• **Task to carry out**
The listing that follows must be retyped exactly, without its pictures.

- Opening Delimiter -

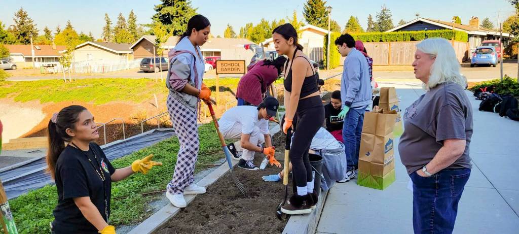 Scholars in the Native American Coalition Club (NACC) work in a garden at Thomas Jefferson High School, learning about Indigenous food sources, plants and more.
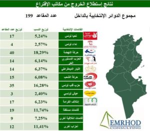 واظهرت النتائج فوز حزب النهضة بالمرتبة الأولى بنسبة 18.29 بالمائة، أي بمعدل 40 مقعدا، يليه حزب “قلب تونس”، بنسبة 16.28 بالمائة، وبمعدل 35 مقعدا.
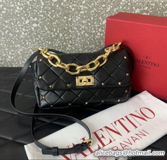 Grade Quality Valentino Rockstud Spike Shoulder bag in patchwork nappa leather with studs 5048 Black 2024
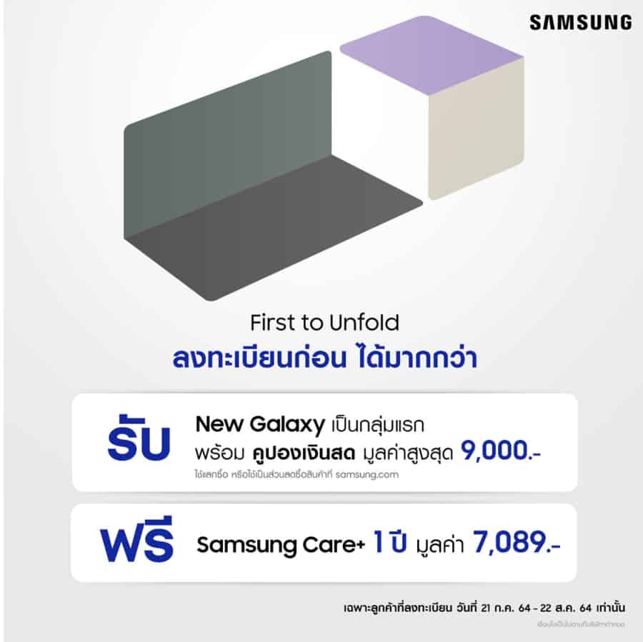 ยุคใหม่ของนวัตกรรมสมาร์ทโฟน เพียงลงทะเบียนผ่านเว็บไซต์ www.samsung.com/th/unpacked ตั้งแต่วันนี้ – 22 ส.ค. 2564 เวลา 23.59 น. พร้อมรับสิทธิพิเศษที่มากกว่า ด้วยคูปองเงินสด มูลค่าสูงสุด 9,000 บาท ใช้แลกซื้อ หรือใช้เป็นส่วนลดซื้อสินค้าที่ samsung.com ในครั้งต่อไป ยิ่งไปกว่านั้น รับฟรี Samsung Care+ เป็นระยะเวลา 1 ปี มูลค่า 7,089 บาท โดยหลังจากที่ลงทะเบียนเป็นที่เรียบร้อยแล้ว กาแลคซี่แฟนจะได้รับโค้ดผ่านทาง E-mail เพื่อนำสิทธิ์ไปสั่งซื้อ The new Galaxy ผ่าน 2 ช่องทางหลักดังนี้
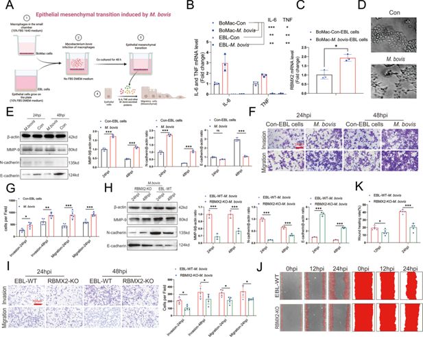 Despite these findings, the role of RBMX2 in M. bovis infection and its potential involvement in EMT regulation remains largely unexplored. Based on our preliminary data, we hypothesize that RBMX2 promotes M. bovis adhesion and invasion by modulating host cell properties and further facilitates EMT through activation of the p65/MMP-9 signaling pathway. This study aims to elucidate the molecular mechanisms by which RBMX2 contributes to M. bovis infection and its potential role in infection-associated EMT, thereby providing novel insights into the intersection of TB and lung cancer. These findings may highlight RBMX2 as a promising therapeutic target for TB and TB-related malignancies.
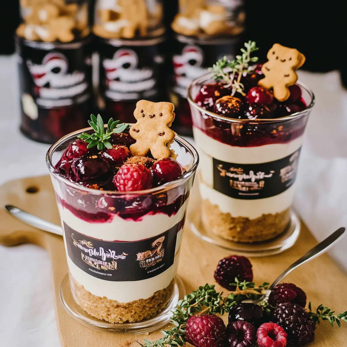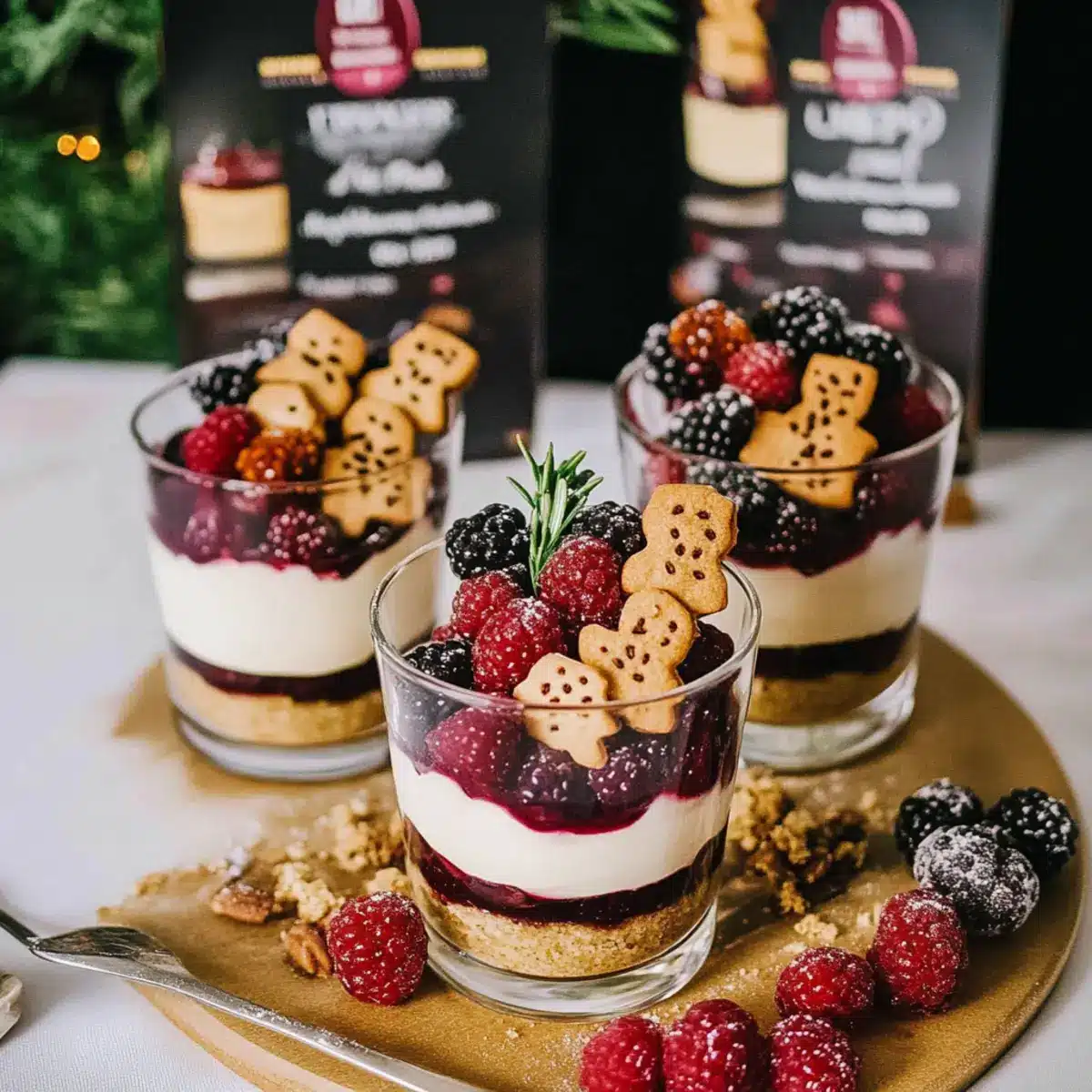 Once chilled, remove the cheesecakes from the refrigerator. Top each cheesecake with the cooled mulled wine fruit to add a burst of flavor and color. For an extra festive touch, garnish with a gingerbread man, optional sugared cranberries, and a sprig of thyme or rosemary. Your stunning no-bake white chocolate cheesecakes are now ready to delight your guests!
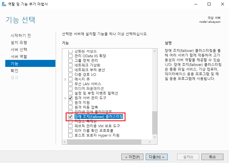 앞에부분은 기본 값들로 넘어간 후 기능 페이지에서 장애조치 클러스터링을 체크하여 설치한다.
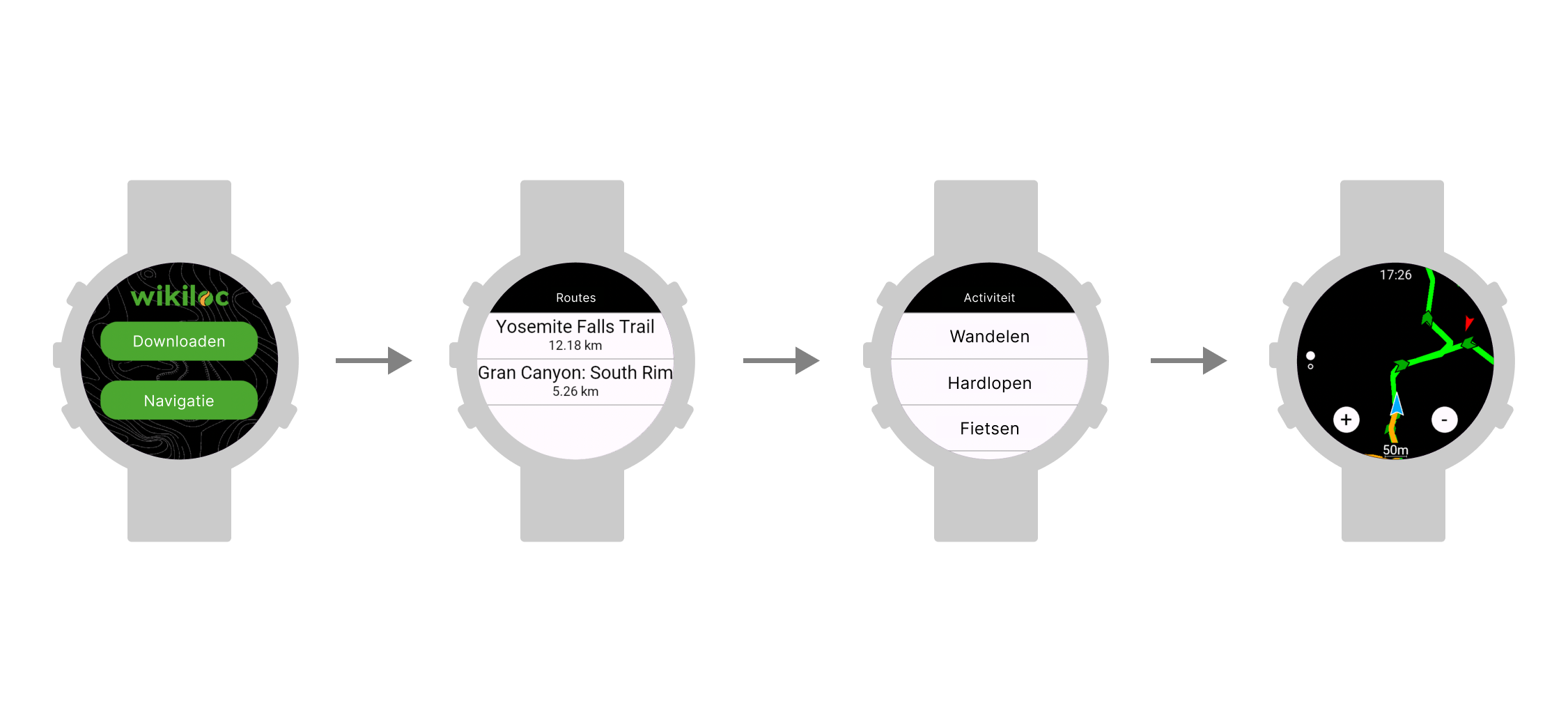 - De Wikiloc-app geïnstalleerd hebben op je Garmin: download via Garmin Connect IQ
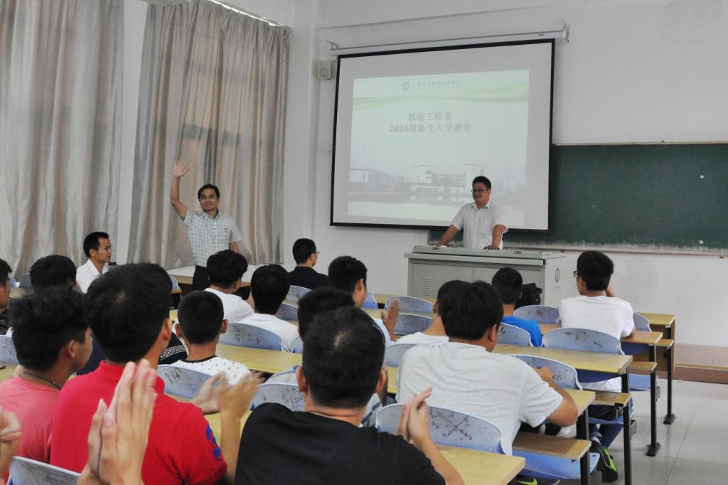 机电工程系的入学教育大会上,副书记李杨从“熟悉我们的院系”、“认识我们的老师”、“看看我们的生活”、“为你搭建的平台”和“你,必须知道的”五个部分详尽地为新生解答了入校的困惑。教师代表吴阿敏和在校生代表江敬虔分别就如何充实地度过大学三年,提出建议。系部主任刘永华则希望全体新生能够通过农林的磨炼锻造,成为具有大国工匠精神的栋梁之材。系部各教研室在会后还分别召开了新生专业教育会议。

- Closing Delimiter -

• **Result of this exercise**
 Scholars in the Native American Coalition Club (NACC) work in a garden at Thomas Jefferson High School, learning about Indigenous food sources, plants and more.
 واظهرت النتائج فوز حزب النهضة بالمرتبة الأولى بنسبة 18.29 بالمائة، أي بمعدل 40 مقعدا، يليه حزب “قلب تونس”، بنسبة 16.28 بالمائة، وبمعدل 35 مقعدا.
 Grade Quality Valentino Rockstud Spike Shoulder bag in patchwork nappa leather with studs 5048 Black 2024
 ยุคใหม่ของนวัตกรรมสมาร์ทโฟน เพียงลงทะเบียนผ่านเว็บไซต์ www.samsung.com/th/unpacked ตั้งแต่วันนี้ – 22 ส.ค. 2564 เวลา 23.59 น. พร้อมรับสิทธิพิเศษที่มากกว่า ด้วยคูปองเงินสด มูลค่าสูงสุด 9,000 บาท ใช้แลกซื้อ หรือใช้เป็นส่วนลดซื้อสินค้าที่ samsung.com ในครั้งต่อไป ยิ่งไปกว่านั้น รับฟรี Samsung Care+ เป็นระยะเวลา 1 ปี มูลค่า 7,089 บาท โดยหลังจากที่ลงทะเบียนเป็นที่เรียบร้อยแล้ว กาแลคซี่แฟนจะได้รับโค้ดผ่านทาง E-mail เพื่อนำสิทธิ์ไปสั่งซื้อ The new Galaxy ผ่าน 2 ช่องทางหลักดังนี้
 Despite these findings, the role of RBMX2 in M. bovis infection and its potential involvement in EMT regulation remains largely unexplored. Based on our preliminary data, we hypothesize that RBMX2 promotes M. bovis adhesion and invasion by modulating host cell properties and further facilitates EMT through activation of the p65/MMP-9 signaling pathway. This study aims to elucidate the molecular mechanisms by which RBMX2 contributes to M. bovis infection and its potential role in infection-associated EMT, thereby providing novel insights into the intersection of TB and lung cancer. These findings may highlight RBMX2 as a promising therapeutic target for TB and TB-related malignancies.
 Once chilled, remove the cheesecakes from the refrigerator. Top each cheesecake with the cooled mulled wine fruit to add a burst of flavor and color. For an extra festive touch, garnish with a gingerbread man, optional sugared cranberries, and a sprig of thyme or rosemary. Your stunning no-bake white chocolate cheesecakes are now ready to delight your guests!
 앞에부분은 기본 값들로 넘어간 후 기능 페이지에서 장애조치 클러스터링을 체크하여 설치한다.
 - De Wikiloc-app geïnstalleerd hebben op je Garmin: download via Garmin Connect IQ
 机电工程系的入学教育大会上,副书记李杨从“熟悉我们的院系”、“认识我们的老师”、“看看我们的生活”、“为你搭建的平台”和“你,必须知道的”五个部分详尽地为新生解答了入校的困惑。教师代表吴阿敏和在校生代表江敬虔分别就如何充实地度过大学三年,提出建议。系部主任刘永华则希望全体新生能够通过农林的磨炼锻造,成为具有大国工匠精神的栋梁之材。系部各教研室在会后还分别召开了新生专业教育会议。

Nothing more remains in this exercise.